Panie Jacku – przepraszam, że nie na temat (a może na temat… nie ja o tym zadecyduję), ale jeśli mówi Pan, że popiera Prawa LGBT, to znaczy, że Pan tych LGBT stawia w innym miejscu niż przeciętnego ludzia. „Oni” nie mają innych praw, a przynajmniej mieć nie powinni.
A jeśli już pytamy o mniejszości (w kontekście co kogo podnieca), to warto listę uzupełnić! Czy są tu jacyś:
Szeroko pojęci „rogacze”, fetyszyści rozmaitych części ciała, owoców/warzyw, ludzie zorientowani na stymulację konkretnych miejsc, wielbiciele takich czy innych wydzielin.
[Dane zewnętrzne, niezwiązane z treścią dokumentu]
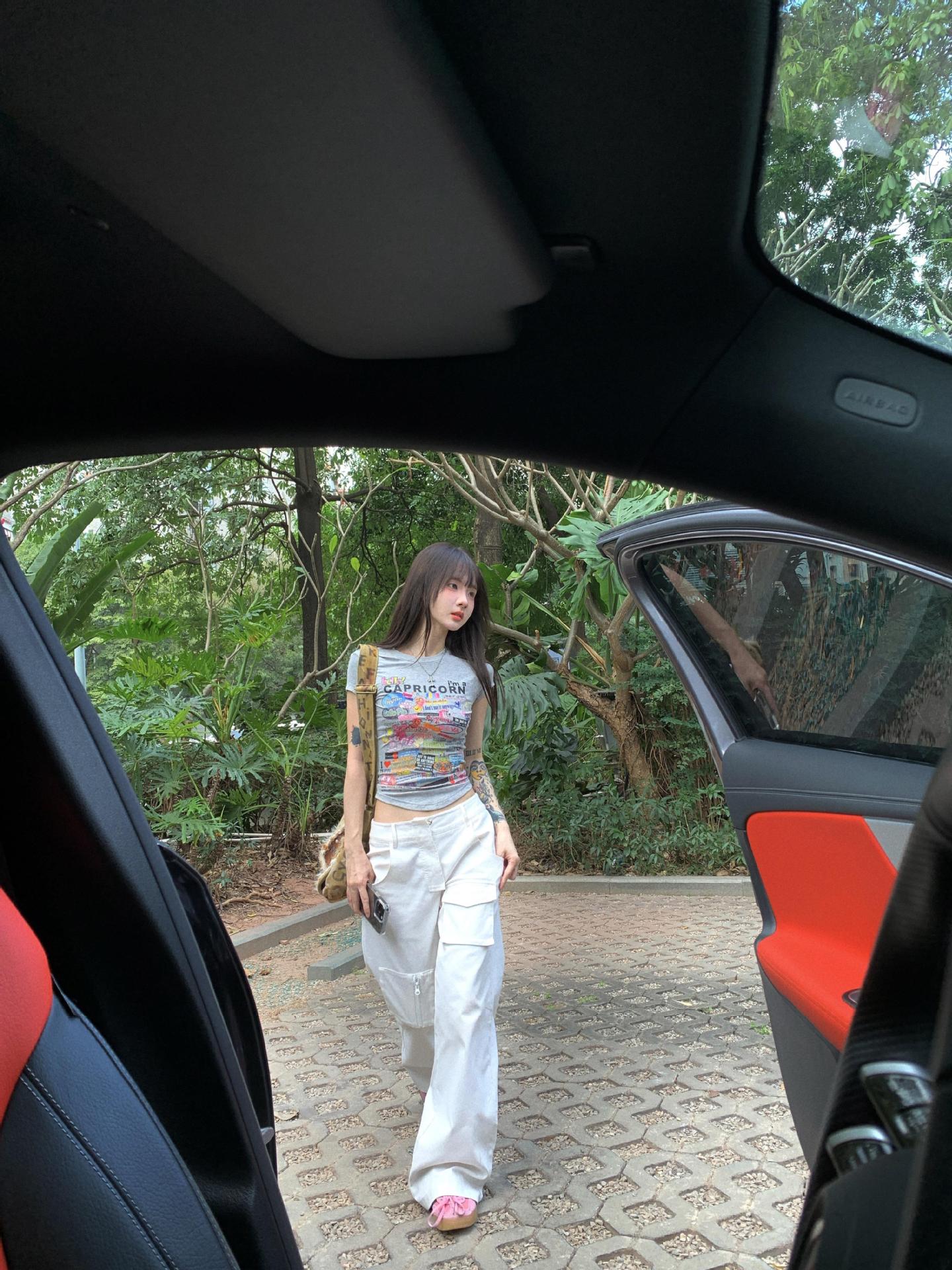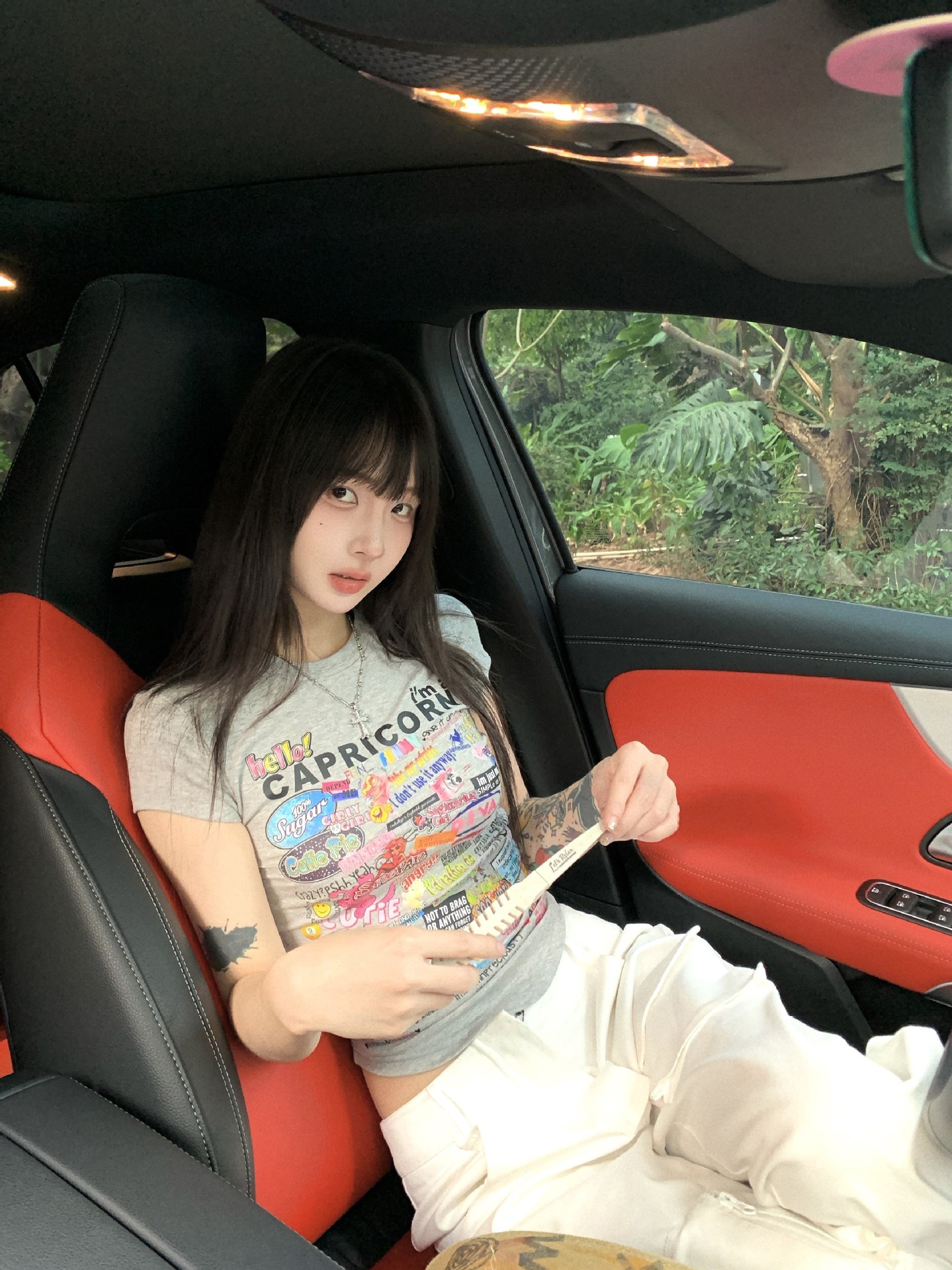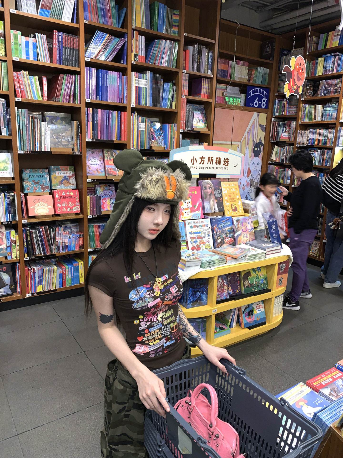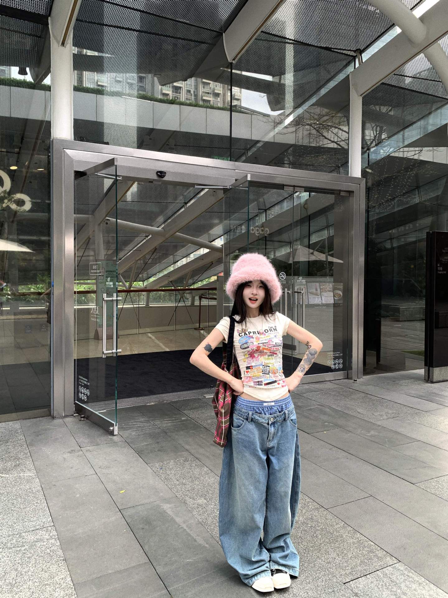 아메리칸 스타일 핫 걸 만화 인쇄 라운드 넥 반팔 티셔츠 여성 여름 2025 새로운 도착 슬림 핏 타이트 허리 쇼트 탑 트렌디스토어 가기

I przede wszystkim – jakie to ma znaczenie?
Czy dla człowieka tak ważne musi być przynależenie do jakiejś grupy nawet w kwestii, która z racji prywatnego charakteru takim rozważaniom się nie poddaje? Nie rozumiem dla przykładu dlaczego mężczyźni uwielbiający stymulację tego miejsca, którego nie powinno się w naszej kulturze stymulować, nie mają z tym problemu – w sensie, że nie szukają kolegów, którzy myślą (i robią!) tak samo.